SCOTUS ruling on religious school funding could pave way to victory for similar Maine case
On Tuesday, the U.S. Supreme Court voted 5-4 to strike down a Montana provision prohibiting state aid to religious schools.
The case, Espinosa v. Montana Department of Revenue, involved a state scholarship program that offered individuals and organizations tax credits to match donations to organizations helping students attend private schools.
The state’s Department of Revenue said that the scholarships could not be used for religious schools, a ruling which was upheld in the Montana Supreme Court.
Chief Justice of the U.S. Supreme Court John Roberts, who joined conservative judges in the vote against Montana’s prohibition, said that the lower court ruling “bars religious schools from public benefits solely because of the religious character of the schools.”
“A State need not subsidize private education. But once a State decides to do so, it cannot disqualify some private schools solely because they are religious,” Roberts wrote in the majority opinion.
The Supreme Court ruling is a victory for advocates of school choice, and makes a win more likely for plaintiffs in a similar case, Carson et al. v Makin, in Maine.
Three Maine families filed a lawsuit against the state’s education commissioner in 2018, claiming the sectarian exclusion within Maine’s town tuitioning program is unconstitutional. The program, which began in 1873, pays public or private school tuition for students who live in municipalities without a secondary school. A law passed by the Maine Legislature in 1981, however, prohibits this money from being used for religious schools.
The state prohibition was upheld in a district court last June, and the case was quickly submitted to the U.S. 1st Circuit Court of Appeals, which began hearings in January 2020.

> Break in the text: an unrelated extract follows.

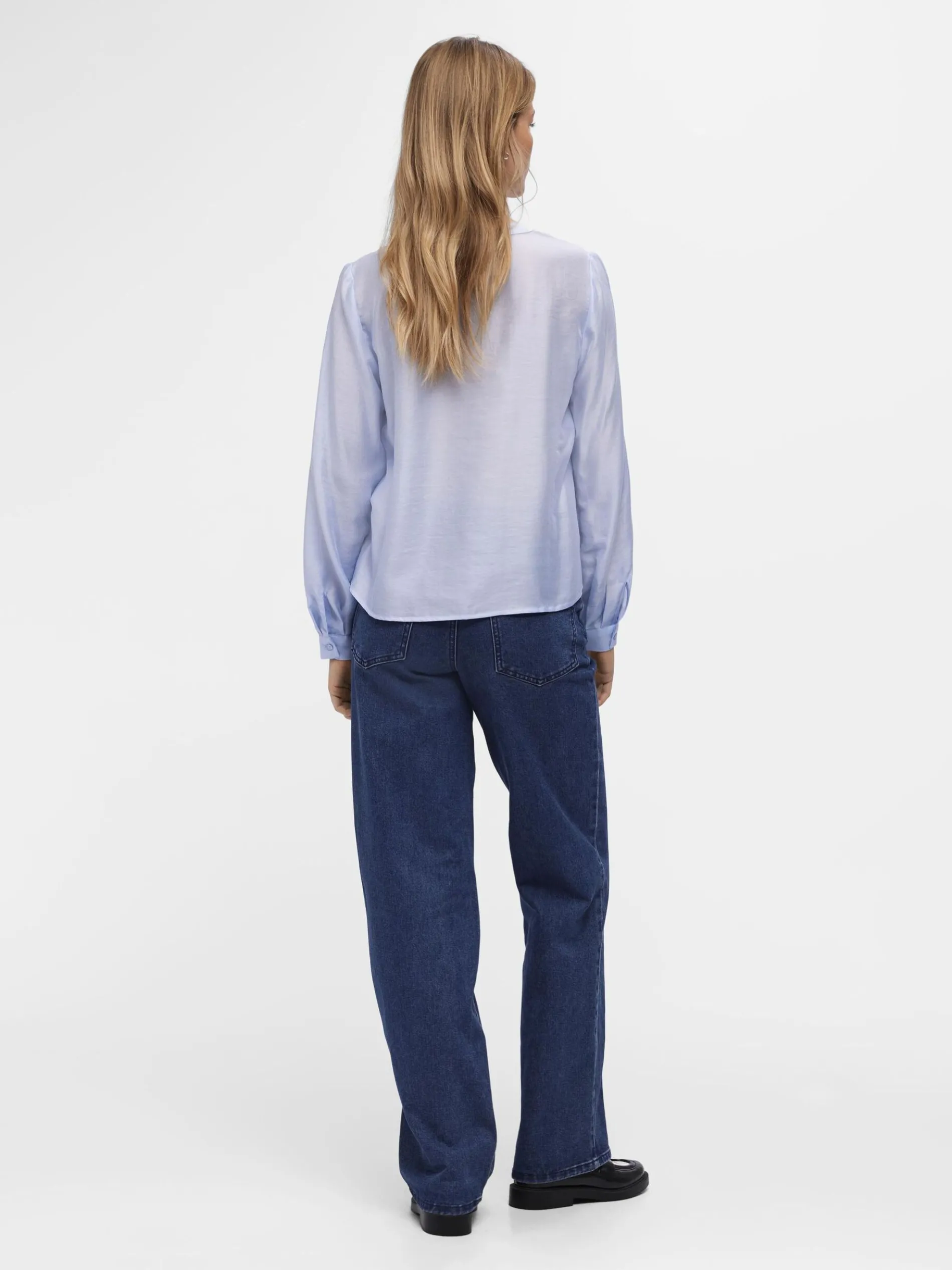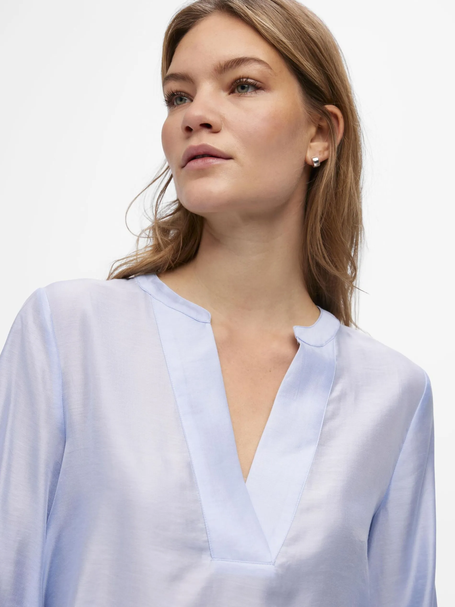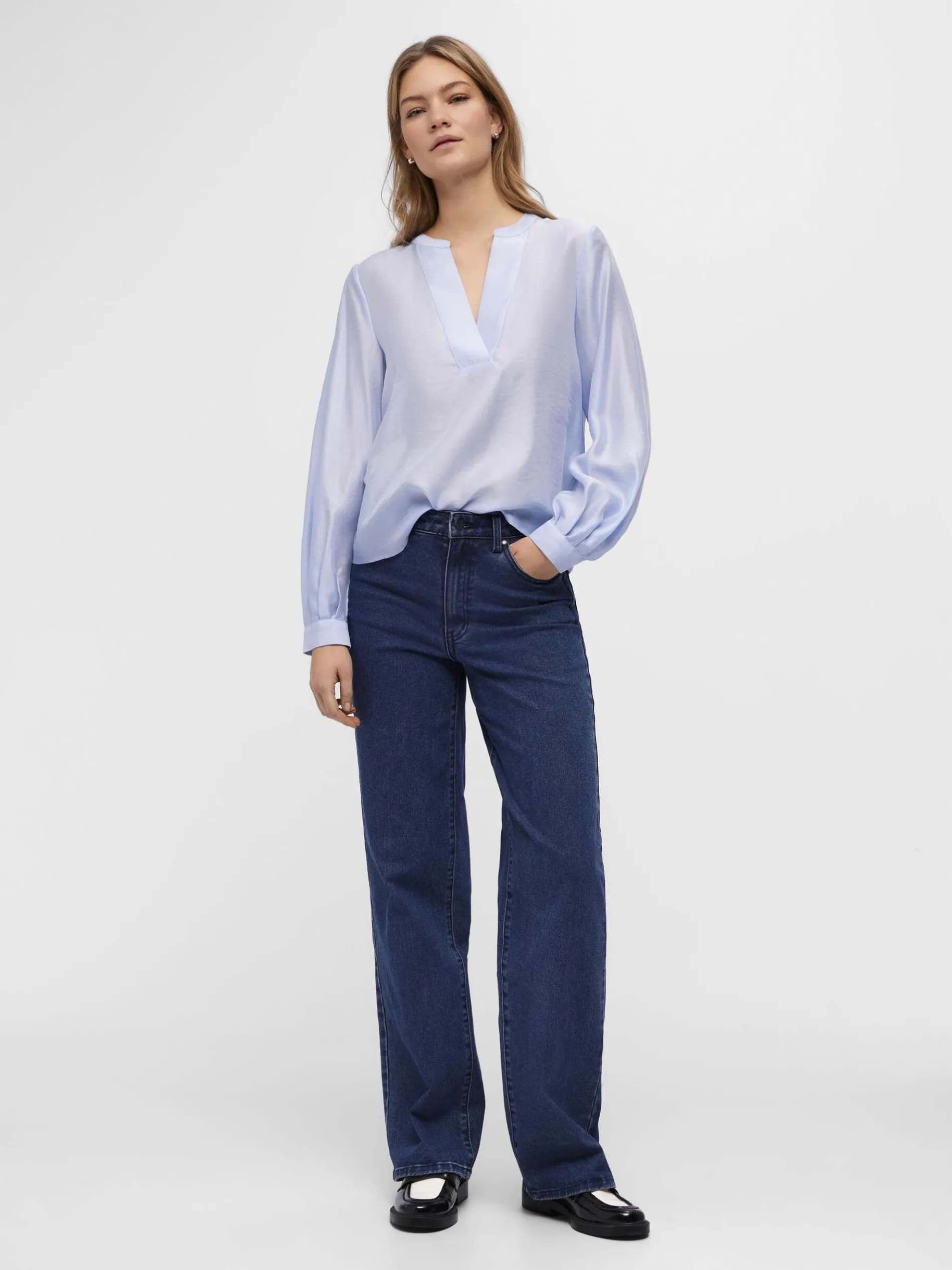 – Glanzende blouse met lange mouwen- V-hals zonder kraag- Lange volumineuze mouwen- Geplooid detail bij de manchetten- Regular fit- Gemaakt met duurzamere stoffen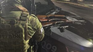 Nesta quarta-feira (18/06), a Polícia Militar do Paraná, por meio do Batalhão de Fronteira (BPFRON), no âmbito da Operação Protetor de Divisas e Fronteiras, durante patrulhamento pela cidade de Pato Bragado, a equipe foi acionada por prestadores de serviço de uma empresa de segurança, a qual informou de que um indivíduo havia agredido um de seus seguranças e inclusive teve seu braço quebrado. O suspeito relatou que iria até sua residência buscar uma arma de fogo, de imediato as equipes iniciaram buscas pela cidade, logrando êxito em localizar o suspeito em frente a sua residência, o homem desobedeceu a ordem de abordagem e correu para dentro da residência. No interior da residência foram localizadas uma pistola e três espingardas. Diante do fato o homem de 30 anos de idade foi preso e encaminhado à Delegacia de Polícia Civil de Marechal Cândido Rondon para os procedimentos cabíveis.

With the Supreme Court’s decision to allow public funding for religious schools through parental choice, plaintiffs of the Maine lawsuit can move forward with greater confidence. The ruling supports arguments that Maine’s law violates the free exercise of religion and unfairly discriminates against families.
Timothy Keller, who represents the Maine families as well as the plaintiffs in the Montana case, says that the Maine law must be overturned after the Supreme Court hearing.
“Excluding religious schools from the array of options open to Maine parents who receive the tuition benefit, simply because they are religious schools, is now clearly unconstitutional,” he said.